AI’s potential is undeniable, but the hidden security costs at the inference layer are a major concern for enterprises. Attacks targeting AI’s operational side are increasing budgets, risking compliance, and eroding customer trust, all of which impact the ROI and TCO of AI deployments.
Enterprises are excited about the insights and efficiency gains AI can offer. However, as they implement their AI models, they are realizing the challenges at the inference stage. This critical phase translates AI investment into real-time business value but is under attack, leading to unexpected TCO increases.

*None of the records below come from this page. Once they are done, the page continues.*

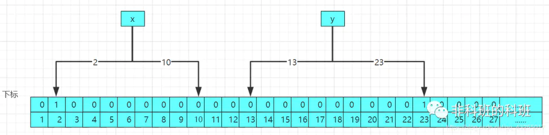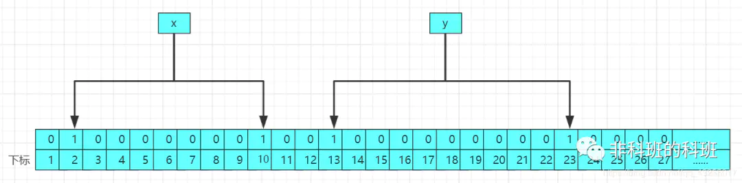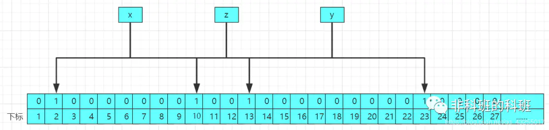 假设在我们多次存入值后,在布隆过滤器中存在x、y、z这三个值,布隆过滤器的存储结构图如下所示:
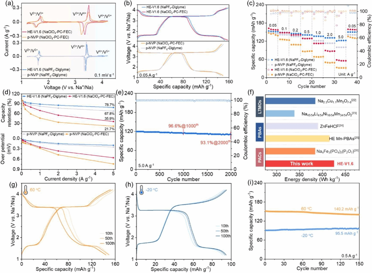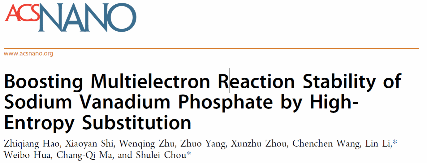 碳中和技术创新研究院李林团队在国际权威期刊ACS Nano上发表题为“Boosting Multielectron Reaction Stability of Sodium Vanadium Phosphate by High Entropy Substitution”的学术论文。本文提出了一种结合高熵取代和电解液优化的策略来促进NVP的可逆多电子反应。通过原位X射线吸收近边结构光谱和原位X射线衍射,揭示了V5+/V4+氧化还原对的高可逆性和可逆晶体结构演变。同时,通过使用醚类电解液可以进一步提升高熵取代NVP(HE-NVP)的电化学反应动力学。这使得HE-NVP表现出优越的电化学性能(2000次循环后容量率为93.1%)。即使在5.0 A g−1时,可逆容量也为120 mAh g−1)。此外,HE-NVP||天然石墨全电池液展现出长循环寿命和高功率密度。结果表明,高熵取代和电解液优化的协同是提高聚阴离子正极钠存储性能的有力策略。黑料社
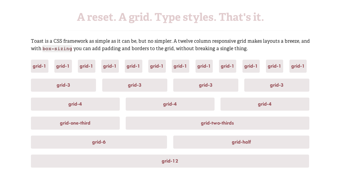 Toast | A simple CSS framework. Very simple to 1140px (The 1140px CSS Grid System · Fluid down to mobile) that I have been working with. Two break points. Simple package: style.css, rest.css, grid.css, toast.css

Security executives and CFOs are facing the consequences of defending AI systems against new attacks. Adversaries target the inference stage where AI is most valuable to businesses, resulting in high breach containment costs, compliance challenges, and trust issues. Without controlling costs at the inference stage, AI projects become unpredictable budget-wise.

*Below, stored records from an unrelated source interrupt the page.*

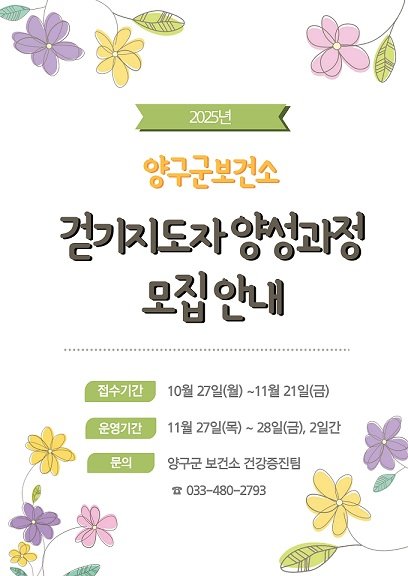 양구군이 군민들의 건강한 생활 습관을 장려하고 걷기 문화를 확산하기 위해 '2025년 걷기 지도자 양성 과정'을 운영한다.이번 교육은 11월 27일부터 28일까지 양일간 양구군보건소에서 진행되며, 걷기 지도자 2급 자격 취득을 위한 이론 및 실습 교육으로 구성된다. 교육 시간은 오전 9시부터 오후 6시까지, 하루 8시간씩 총 16시간이다.양구군은 11월 21일까지 걷기 지도자 양성 과정 참가자를 모집한다. 양구군민이라면 누구나 신청 가능하며, 선착순으로 30명을 선발한다. 신청은 방문 또는 이메일을 통해 할 수 있다.교육 참가비는 무료다. 다만, 자격증 발급을 원하는 경우 발급 비용 5만 원은 본인이 부담해야 한다. 교육 참가자는 편안한 복장과 운동화를 착용해야 하며, 점심 식사는 개별적으로 준비해야 한다.양구군보건소는 이번 양성 과정을 통해 지역 내 걷기 동아리 지도자와 건강 생활 실천 리더를 육성하여 군민들이 스스로 건강을 관리할 수 있는 환경을 조성할 계획이다. 걷기 문화 확산에 관심 있는 군민들의 적극적인 참여를 기대하고 있다. -
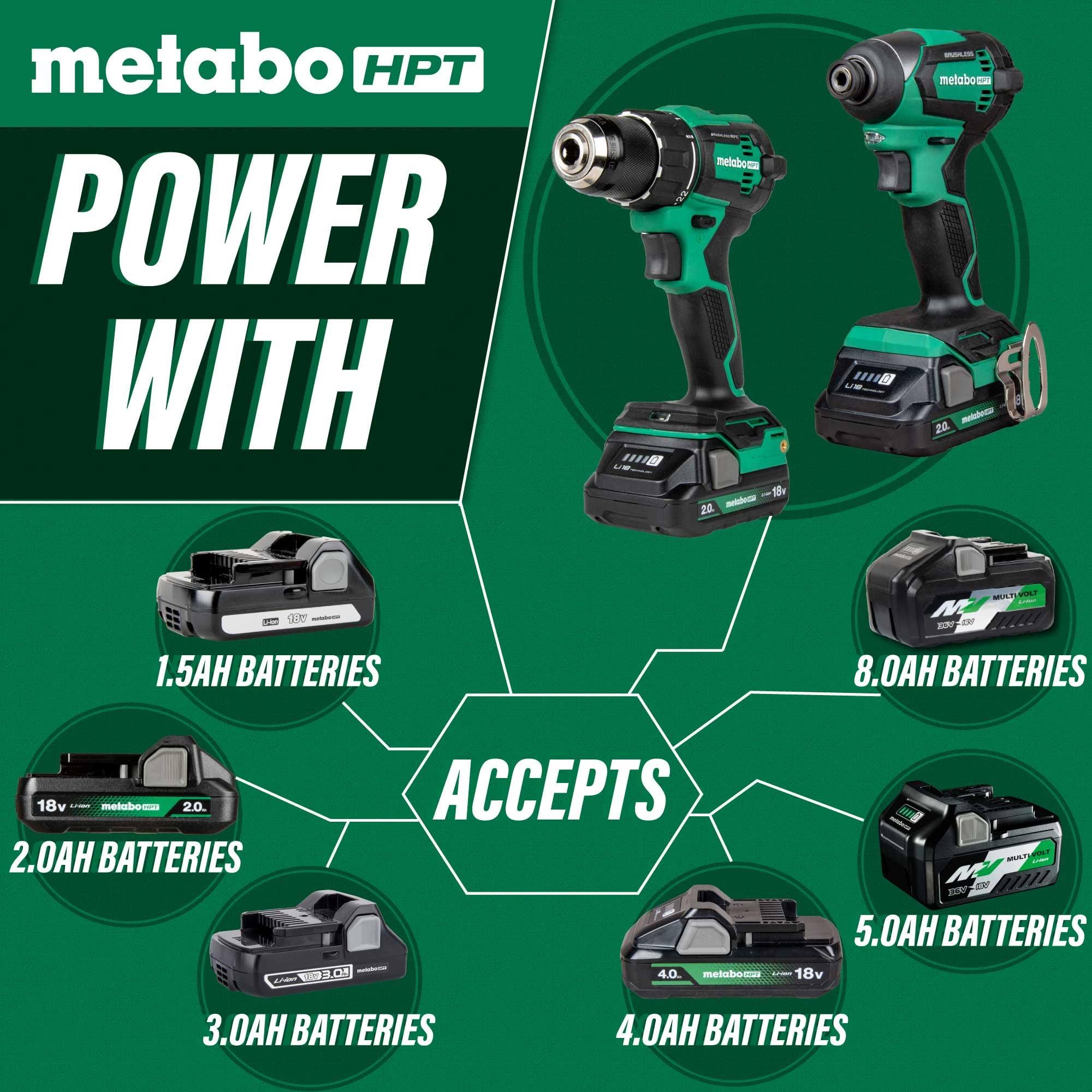 Metabo HPT KC18DEXQBM 18V Multivolt Brushless Lithium-Ion Cordless Drill Driver and Impact Driver Combo Kit with 2 Batteries (2 Ah)
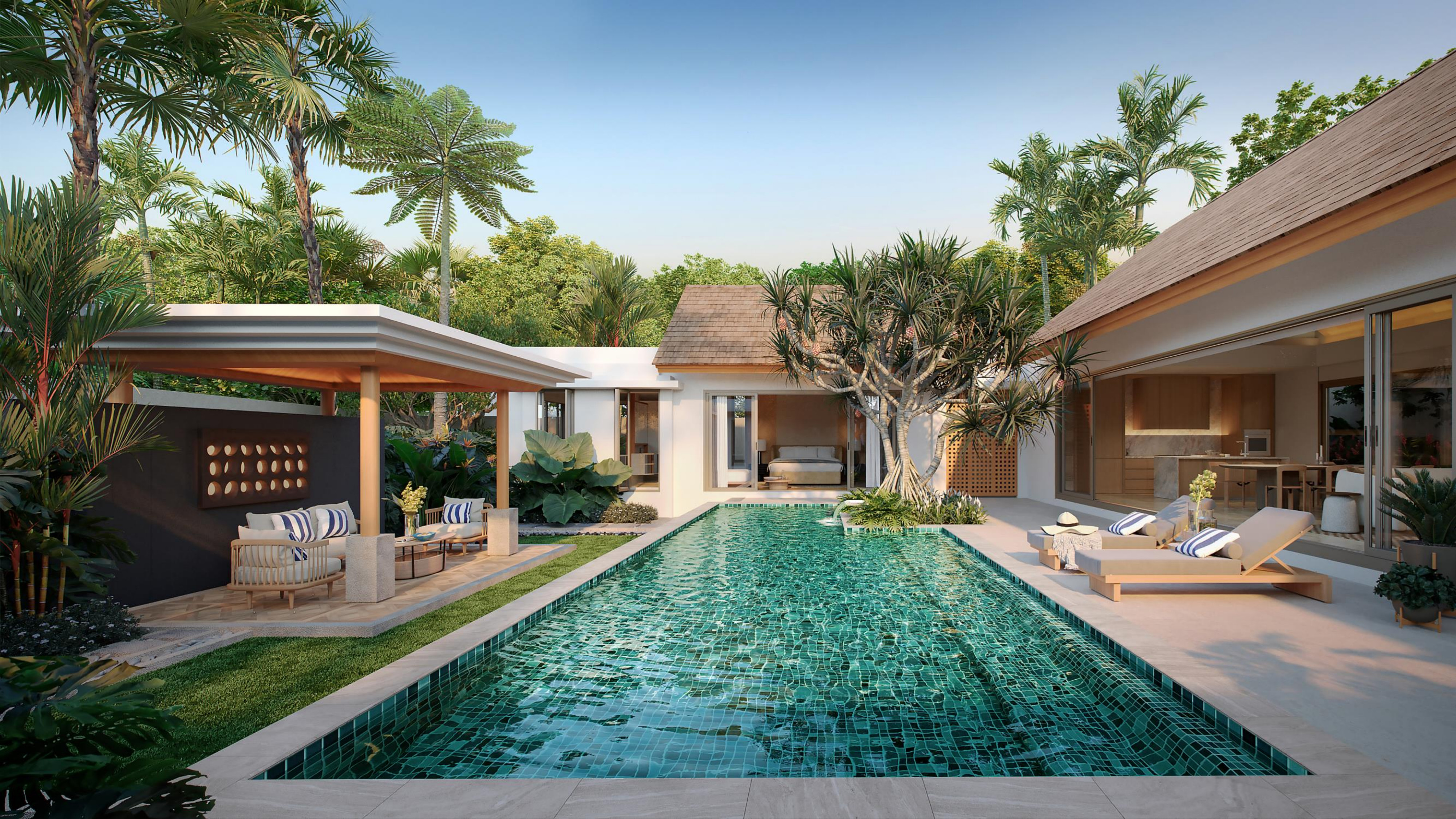 Water flows naturally around you, drawing you into a landscape designed as a Secret Lagoon hidden among lush islands. Communal gardens embrace the expansive pool, enveloping you in an atmosphere of quiet calm, privacy, and endless relaxation.

AI inference is becoming a significant risk, according to technology leaders. Organizations often overlook securing the inference stage, leading to underestimated costs for monitoring systems, threat analysis, and patching mechanisms. Deploying third-party models without proper evaluation against specific threats and compliance needs can result in harmful outputs that damage brand trust.

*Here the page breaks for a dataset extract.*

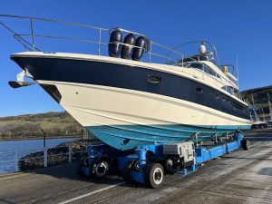 Fairlie Quay has one of the largest boat lifts in Scotland, a WISE 80t travel hoist capable of lifting vessels up to 30m LOA & 7m Beam plus a 45-ton ABI self propelled boat & cradle trailer. Complimenting the yard we also have a 30t mobile crane, WISE 12t cradle shifter and a 2.2t forklift. Purpose built Hoist Pier; 25m long & 7.1m breadth, 25m Heavy duty pontoon with Gas and Fresh water available.
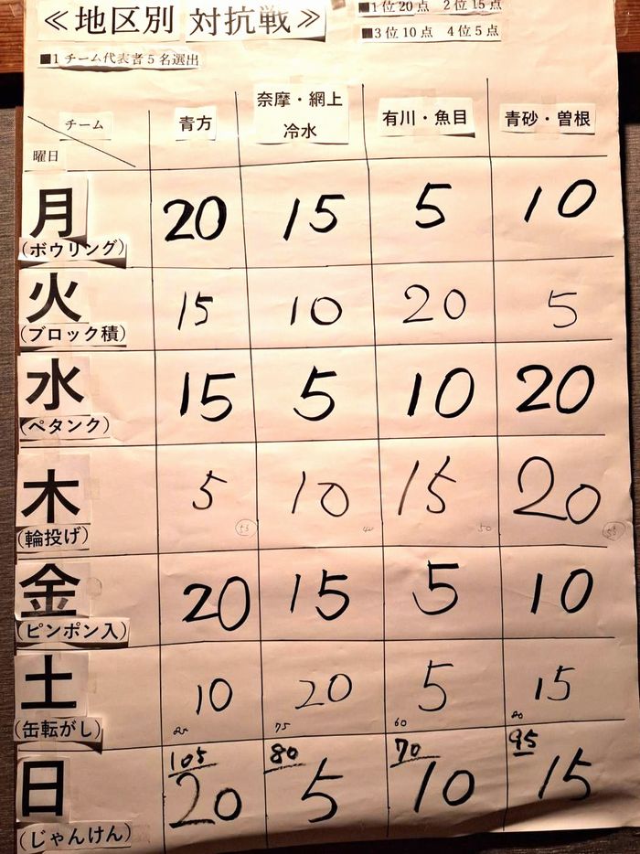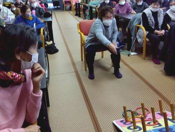 地区別対抗戦🚩たかのしの杜 たかのしの杜で1週間に渡る 熾烈な戦いが繰り広げられていました! 地区別4チームに分かれてじゃんけん、輪投げ、ピンポン入れなど 毎日違う種目に挑戦していただき、 毎日毎日抜きつ抜かれつのデッドヒート!! 他の地区に負けないぞ!と 各地区チーム一致団結して応援にも力が入りました(*^▽^*) 負けたチームは「次いつするとか?」と 早くもリベンジに闘志を燃やしていました( *´艸`) 最後は地区別で記念撮影をし、 年の瀬に大盛り上がりした対抗戦となりました!

Various threats, such as prompt injection, training data poisoning, and model theft, are actively targeting AI models. Adversaries exploit foundational security failures like leaked credentials to compromise AI systems. Implementing robust security measures and a zero-trust framework is crucial to protect AI environments from attacks.
To protect AI ROI, collaboration between CISOs and CFOs is essential. Budgeting for inference security from the start, implementing runtime monitoring, and adopting a zero-trust framework are crucial strategies. A CFO-grade ROI protection model should link security spending to TCO reduction, run cost-avoidance simulations, and quantify financial risks to justify security investments.
In conclusion, safeguarding AI investments requires a strategic approach that quantifies ROI protection, brand trust preservation, and regulatory stability. Strategic security investments at the infrastructure layer must be justified with financial metrics to ensure AI’s financial sustainability. Collaboration between CISOs and CIOs is key to effectively safeguarding modern businesses and managing the true cost of AI.